9.14 Purchaser Covenants. Without the consent of the Sellers, which consent shall not be unreasonably withheld, Purchaser covenants that it will not cause or permit the Companies, the Subsidiaries or any Affiliate of Purchaser (i) other than as contemplated by this Agreement, to take any action on the Closing Date other than in the Ordinary Course of Business, including but not limited to the distribution of any dividend or the effectuation of any redemption that could give rise to any Tax liability or reduce any Tax asset of the Sellers or their Affiliates or give rise to any loss of the Sellers or their Affiliates under this Agreement, or (ii) except as required by Law, to amend any Tax Return that includes all or any portion of a Pre-Closing Taxable Period, take any position on any Tax Return, or enter into any agreement with any Taxing Authority, that results in an increased Tax Liability of the Sellers or their Affiliates (or a reduction of any Tax asset that would have otherwise been retained by the Sellers or their Affiliates (other than the Companies and Subsidiaries)) in respect of a Pre-Closing Taxable Period.

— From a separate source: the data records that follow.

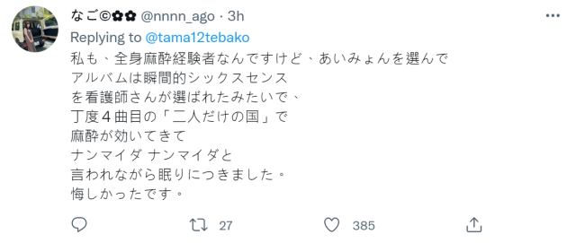 ▼ 有網友選擇聽 Aimyon(愛繆、あいみょん) ,放到第四首「二人だけの国」 就安穩入眠到手術完成了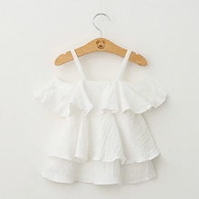天使家欧美童装2017夏装 女童小性感荷叶连肩吊带衫 宝宝棉麻上衣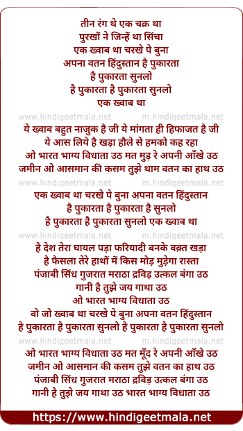 Lyrics of Bharat Bhagya Vidhata Uth - भारत भाग्य विधाता उठ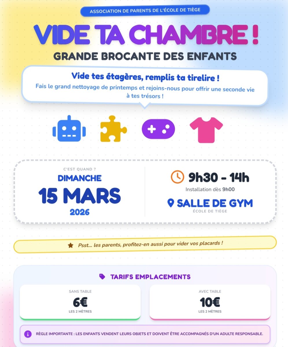 L’Association de Parents de l'école de Tiège a le plaisir de vous inviter à la Grande brocante des enfants (et des parents) !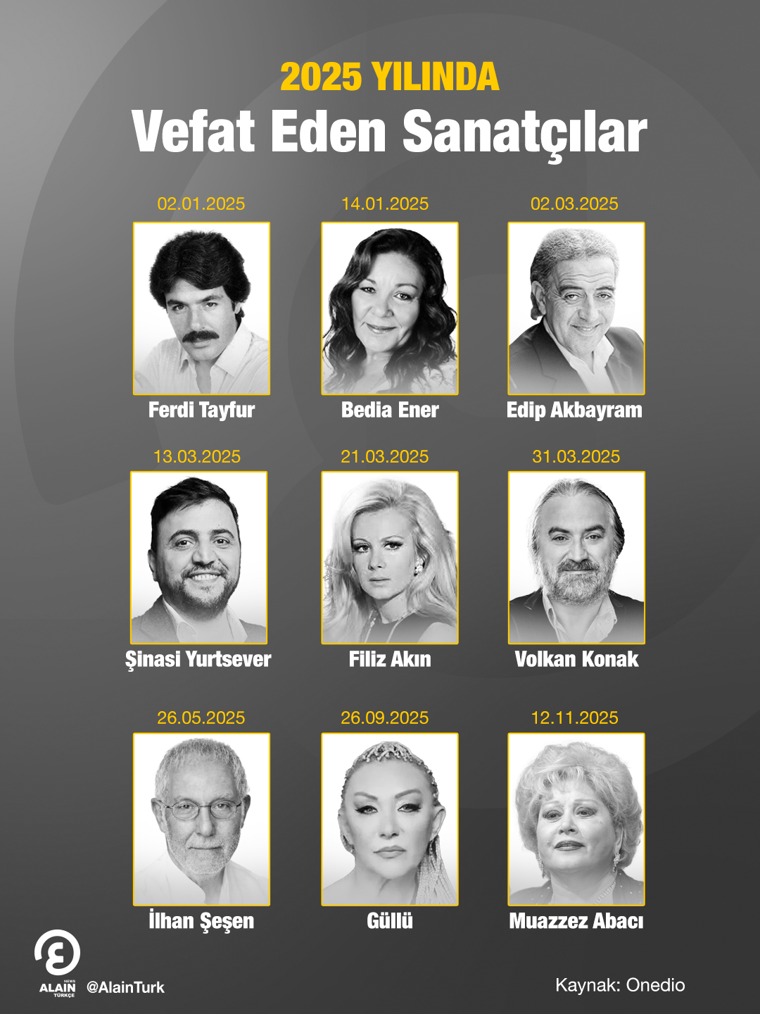 2025 yılı sanat, müzik ve televizyon dünyası için adeta bir yas yılı oldu. Peş peşe gelen vefat haberleri hem sevenlerini hem de sanat camiasını derinden sarstı.

9.15 Refunds and Tax Benefits. Purchaser shall promptly pay or cause to be paid to the Sellers all refunds of Taxes and interest thereon received by Purchaser, any Affiliate of Purchaser, any Company or any Subsidiary attributable to Taxes paid by the Sellers, any Company or any Subsidiary (or any predecessor or Affiliate of the Seller) with respect to any taxable period (or portion thereof) ending on or before the Closing Date, except to the extent that such refunds are reflected in the calculation of Closing Working Capital. If, in lieu of receiving any such refund, any Company or Subsidiary reduces a Tax liability with respect to any taxable period (or portion thereof) beginning after the Closing Date, or increases a Tax asset that can be carried forward to any taxable period (or portion thereof) beginning after the Closing Date, Purchaser shall promptly pay or cause to be paid to the Sellers the amount of such reduction in Tax liability or the amount of any benefit resulting from such increase in Tax assets, as the case may be.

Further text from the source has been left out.